DoggieRescue.com
- Formation: 2001
- Founder: Monika Biernacki
- Type: Registered charity
- VAT ID no.: ABN 49098918471
- Location: 2 McCowan Road, Ingleside NSW;
- Region served: Australia
- Services: Dog rescue and re-homing
- Leader: Monika Biernacki
- Main organ: DoggieRescue magazine
- Website: www.doggierescue.com

= DoggieRescue.com =

DoggieRescue.com, also known as Monika's Rescues, is a charitable organisation founded by Monika Biernacki in Sydney, Australia that saves abandoned dogs about to be euthanized in animal shelters, provides medical attention and seeks to re-home them with new families. The organisation has a "no kill" policy, which means that rescued dogs spend the rest of their life with an adoptive family or in the shelter.
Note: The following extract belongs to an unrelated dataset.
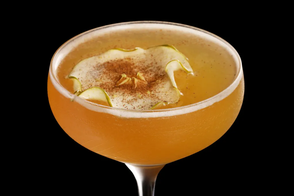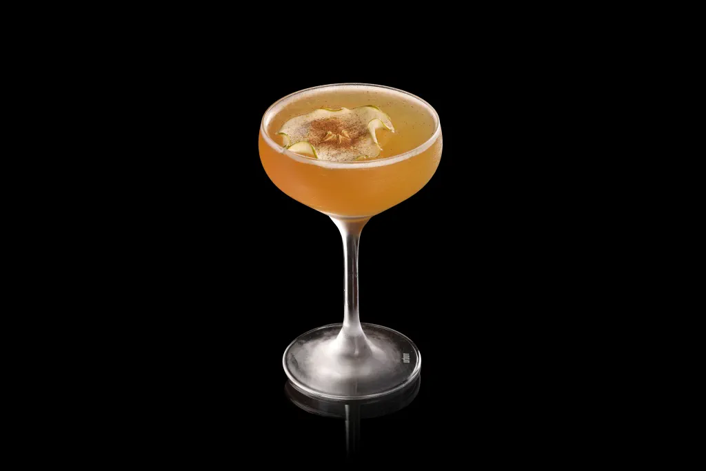 A tasty apple and cognac sour with delicate herbal and cinnamon spice.
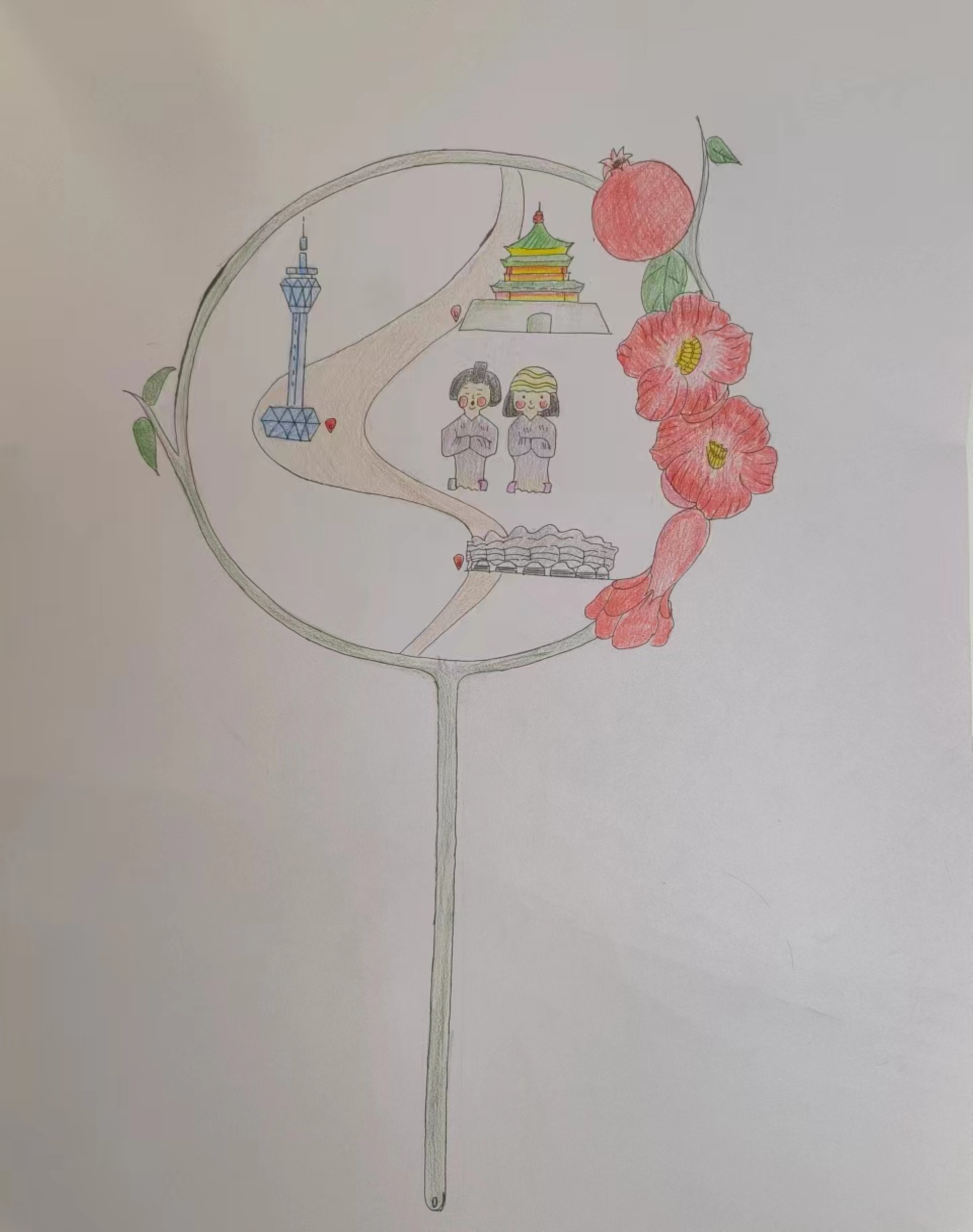 外围由石榴花围成的石榴花是西安的市花。 其也代表了西安独具特色的人文景观。文化底蕴 该作品的灵感是想将现代文化与古代文化相对比形成文化碰撞古今对比共筑了如今具有文化韵味的西安 长安亦西安

By August 2014, DoggieRescue.com had arranged the adoption of 11,000 otherwise unwanted dogs.

== History ==
Monika Biernacki (born 2 January 1956) was interested in helping sick and homeless dogs from an early age. She had considered training as a veterinarian but she "couldn't handle putting animals down, or vivisection". She instead qualified and practiced as a geologist. After a local vet said he had to euthanize two healthy but unwanted dogs, she agreed to take the dogs and find them new homes. As her re-homing operation grew, Biernacki enlisted the support of volunteers and moved to larger premises, previously at Duffys Forest and Homebush, before settling at Ingleside. The organisation was registered as a charity in 1991.

Biernacki was awarded the Medal of the Order of Australia (OAM) for "service to animal welfare" in the 2021 Queen's Birthday Honours.